(Records from a dataset)
==================================================
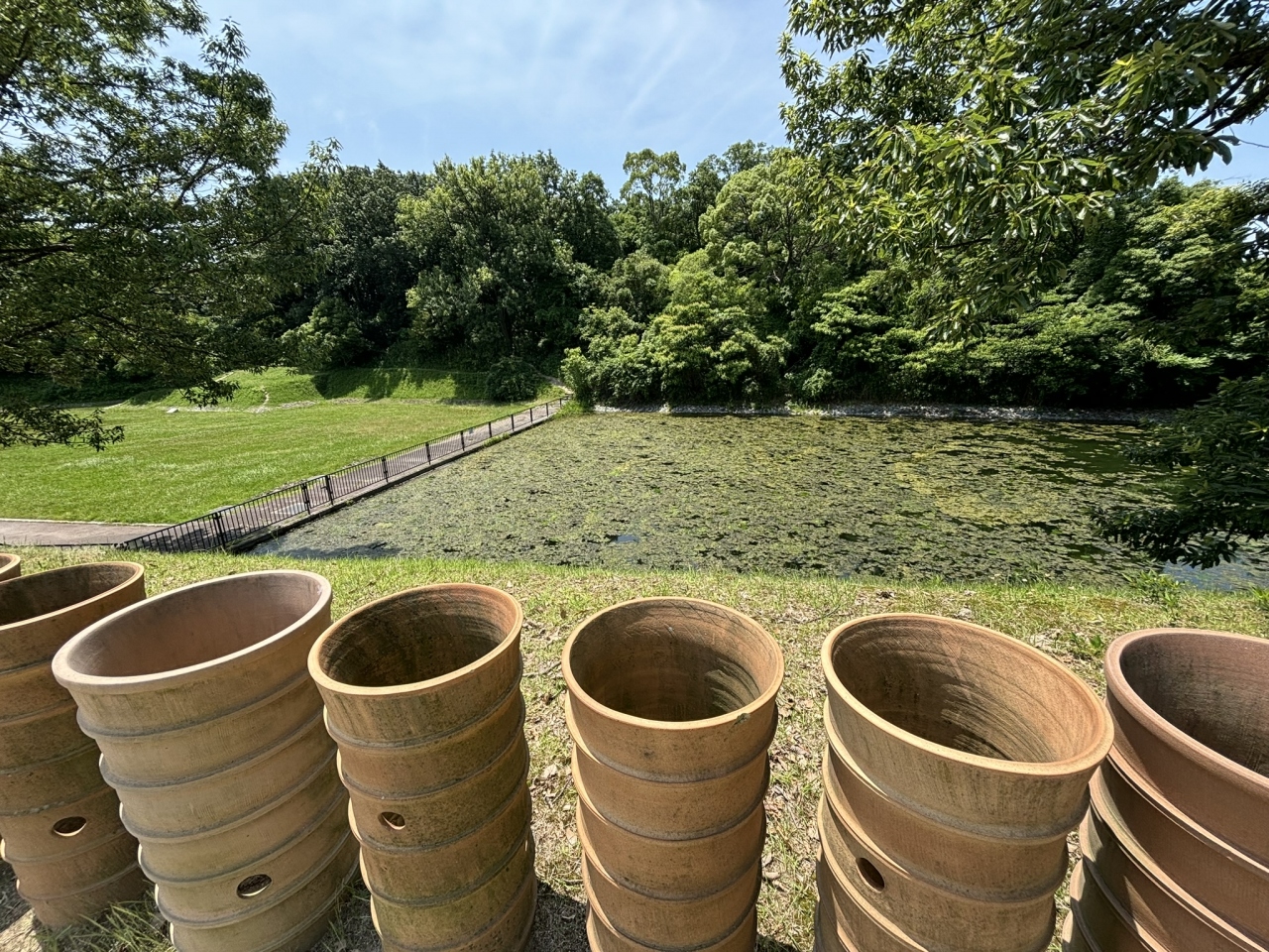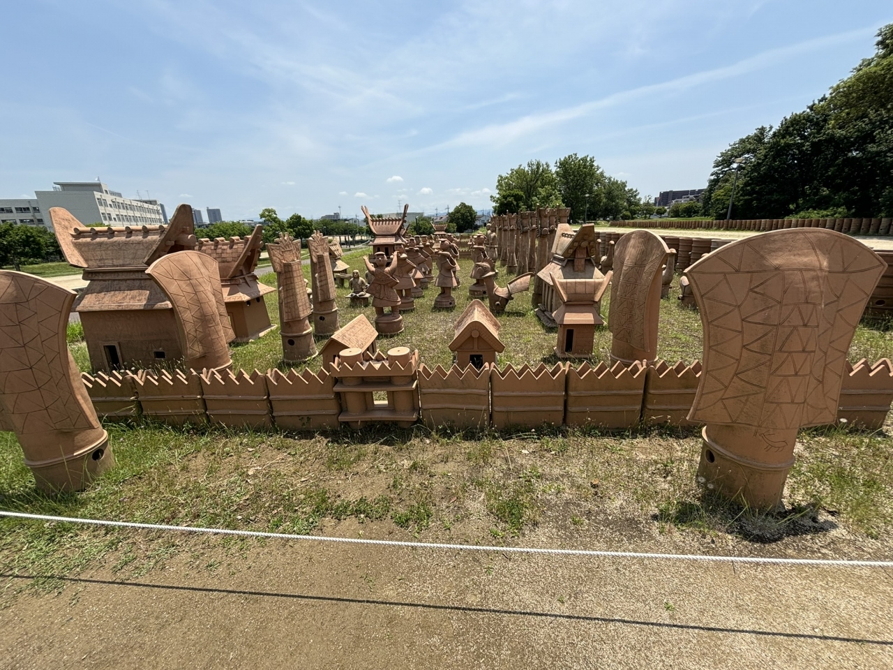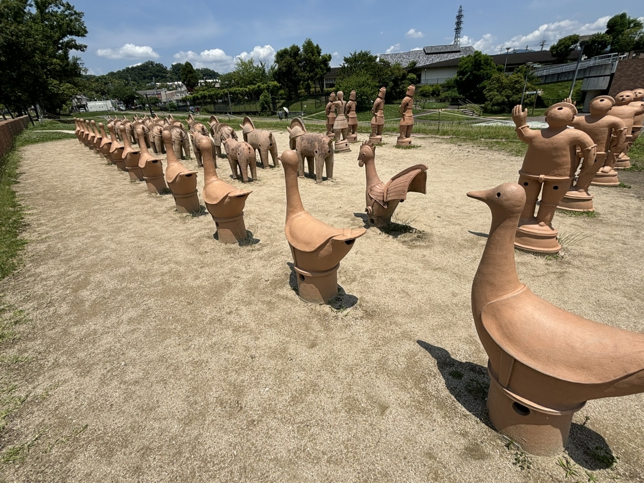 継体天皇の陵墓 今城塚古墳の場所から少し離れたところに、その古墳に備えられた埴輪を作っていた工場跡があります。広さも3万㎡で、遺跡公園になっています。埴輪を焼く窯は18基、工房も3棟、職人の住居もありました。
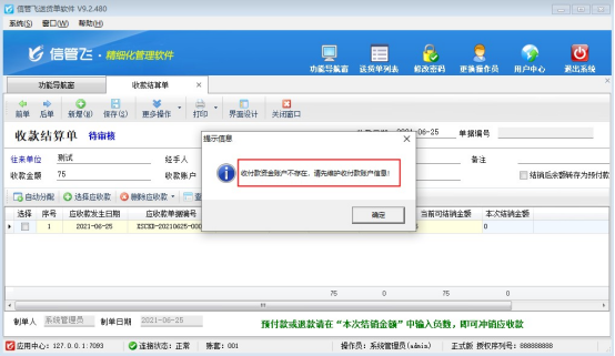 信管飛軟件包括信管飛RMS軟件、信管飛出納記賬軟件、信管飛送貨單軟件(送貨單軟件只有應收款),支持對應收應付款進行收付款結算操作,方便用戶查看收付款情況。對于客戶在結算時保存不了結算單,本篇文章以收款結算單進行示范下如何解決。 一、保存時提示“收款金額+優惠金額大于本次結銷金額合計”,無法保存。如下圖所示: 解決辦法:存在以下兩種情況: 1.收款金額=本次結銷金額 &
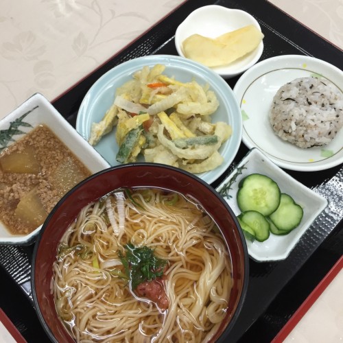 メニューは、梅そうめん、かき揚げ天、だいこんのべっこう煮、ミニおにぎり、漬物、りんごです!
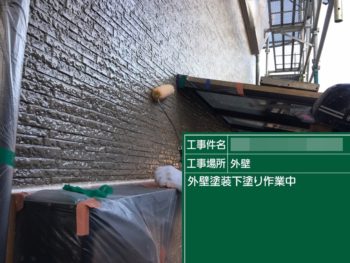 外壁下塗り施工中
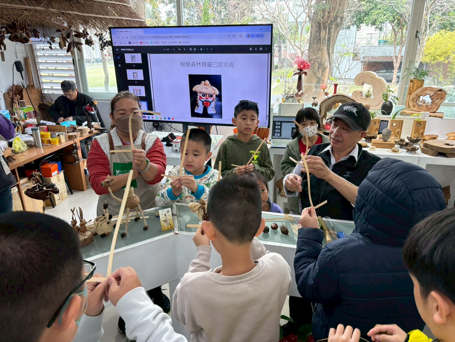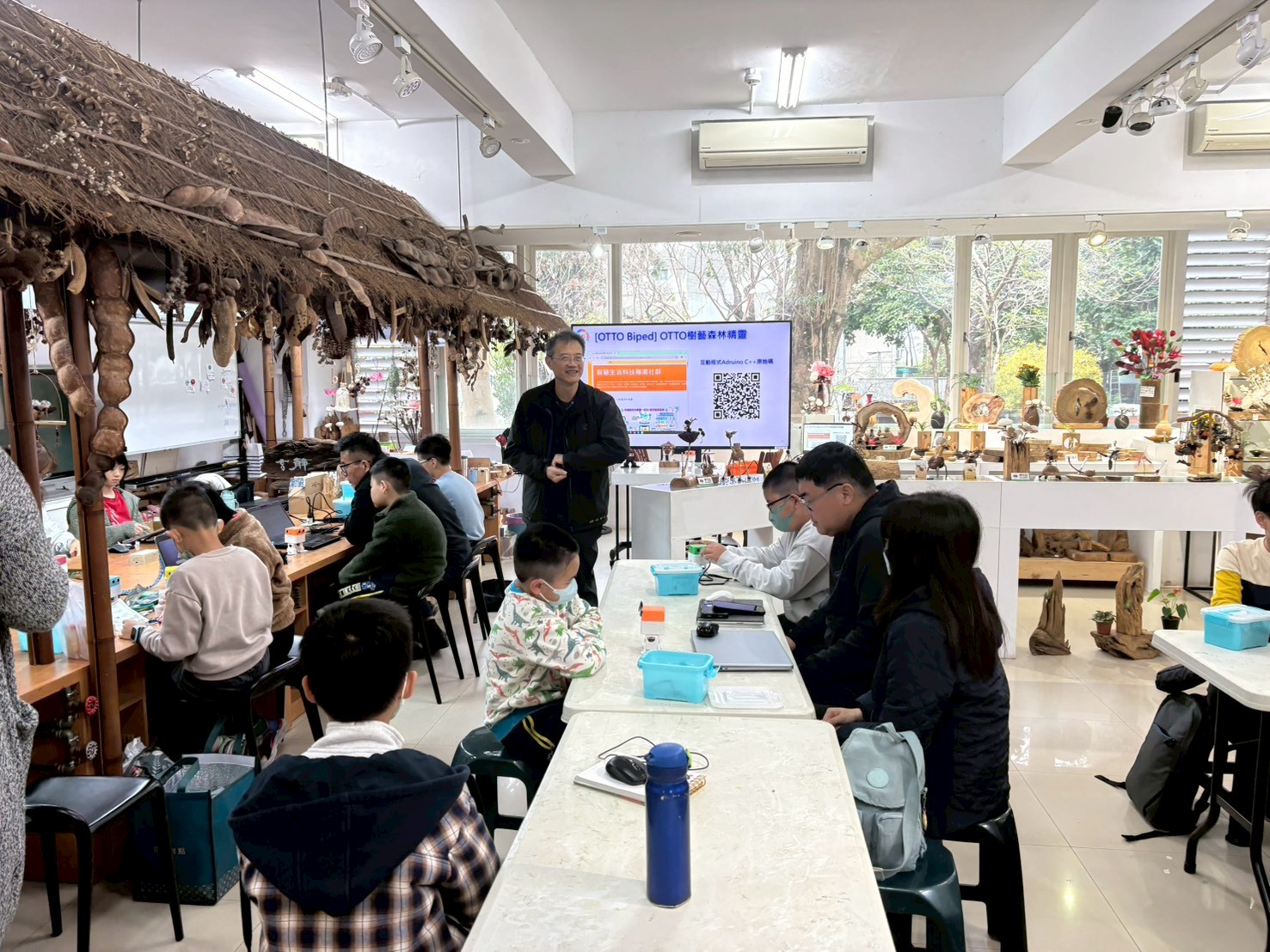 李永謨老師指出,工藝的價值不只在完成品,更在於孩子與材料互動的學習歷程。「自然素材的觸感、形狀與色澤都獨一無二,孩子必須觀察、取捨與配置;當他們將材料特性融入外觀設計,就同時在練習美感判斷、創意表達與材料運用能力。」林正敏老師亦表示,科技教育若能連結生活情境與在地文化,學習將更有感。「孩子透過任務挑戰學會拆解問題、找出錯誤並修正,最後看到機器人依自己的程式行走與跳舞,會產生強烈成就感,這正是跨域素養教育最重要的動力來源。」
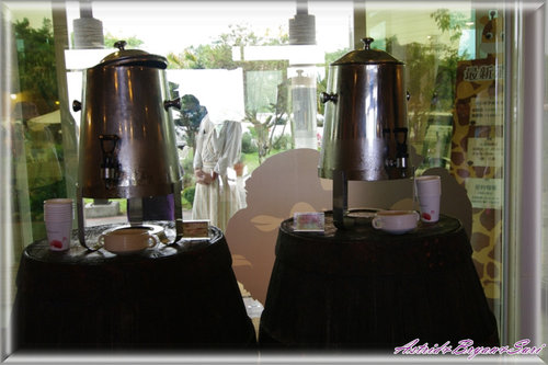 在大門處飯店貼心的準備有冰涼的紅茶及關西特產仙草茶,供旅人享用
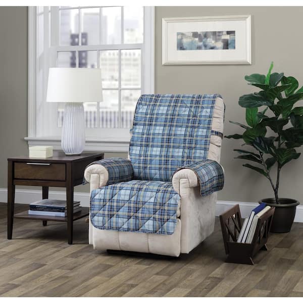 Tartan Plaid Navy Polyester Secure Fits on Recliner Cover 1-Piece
==================================================
**Required action**: Now write out the data word for word, skipping every picture in it.

**Result for this task**:
 継体天皇の陵墓 今城塚古墳の場所から少し離れたところに、その古墳に備えられた埴輪を作っていた工場跡があります。広さも3万㎡で、遺跡公園になっています。埴輪を焼く窯は18基、工房も3棟、職人の住居もありました。
 信管飛軟件包括信管飛RMS軟件、信管飛出納記賬軟件、信管飛送貨單軟件(送貨單軟件只有應收款),支持對應收應付款進行收付款結算操作,方便用戶查看收付款情況。對于客戶在結算時保存不了結算單,本篇文章以收款結算單進行示范下如何解決。 一、保存時提示“收款金額+優惠金額大于本次結銷金額合計”,無法保存。如下圖所示: 解決辦法:存在以下兩種情況: 1.收款金額=本次結銷金額 &
 メニューは、梅そうめん、かき揚げ天、だいこんのべっこう煮、ミニおにぎり、漬物、りんごです!
 外壁下塗り施工中
 李永謨老師指出,工藝的價值不只在完成品,更在於孩子與材料互動的學習歷程。「自然素材的觸感、形狀與色澤都獨一無二,孩子必須觀察、取捨與配置;當他們將材料特性融入外觀設計,就同時在練習美感判斷、創意表達與材料運用能力。」林正敏老師亦表示,科技教育若能連結生活情境與在地文化,學習將更有感。「孩子透過任務挑戰學會拆解問題、找出錯誤並修正,最後看到機器人依自己的程式行走與跳舞,會產生強烈成就感,這正是跨域素養教育最重要的動力來源。」
 在大門處飯店貼心的準備有冰涼的紅茶及關西特產仙草茶,供旅人享用
 Tartan Plaid Navy Polyester Secure Fits on Recliner Cover 1-Piece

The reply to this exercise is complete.